I’ve seen sub-8.0x gross on certain property types other than residential. I have one lending client that bases the value upon which they’ll lend at 7.0x gross. I think that’s being overly conservative and I know they’ve passed on a lot of profitable deals in this runup because of it, but I also know they don’t have problems with foreclosures or late payments.
I can think of a couple reasons why a single family residence or condo would routinely justify a higher income multiplier than commercial or industrial properties. For one thing, residential properties are subject to residential lending programs. This means they can qualify for 30-year mortgages with minimal downpayments and favorable interest rates; whereas a non-residential property (including 5+ apartment units) are subject to commercial lending programs. For comparison, most commercial loans are written at higher interest rates and get re-written every 5 years. The loan may be amortized on a 30-year rate but it comes due in 5, at which point it rolls over into a new loan at the prevailing interest rate, usually with additional origination fees. The increased demands on the mortgage side of the income stream result in lower returns on the equity side. Financing terms are one reason SFRs tend to show higher rent multipliers.
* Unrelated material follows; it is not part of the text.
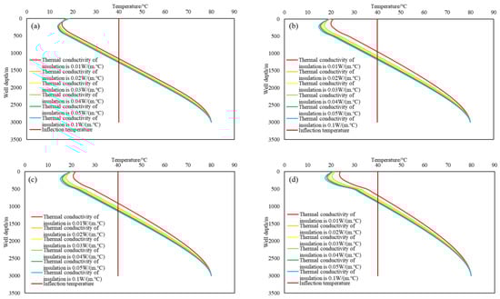 Influence of different thermal conductivities of insulation on the temperature field of the wellbore at different periods of exploitation: (a) 3 h; (b) 10 h; (c) 24 h; (d) 30 days.

Another reason is that, just as they say, a house can always be used for shelter. Not so with a commercial property. A commercial property has no utility to a failed company, except as a disposable asset.
Yet another reason is that the price point for investors is much lower for a house than for an investment-grade commercial property. Simply put, more people can participate in that particular game because of the lower prices and the larger number of available opportunities.
For these reasons (and others) I’d be surprised to see housing and non-residential properties ever working off the same rent multipliers. There’ll always be some relation between the two, depending on the economy, but there’ll always be a spread.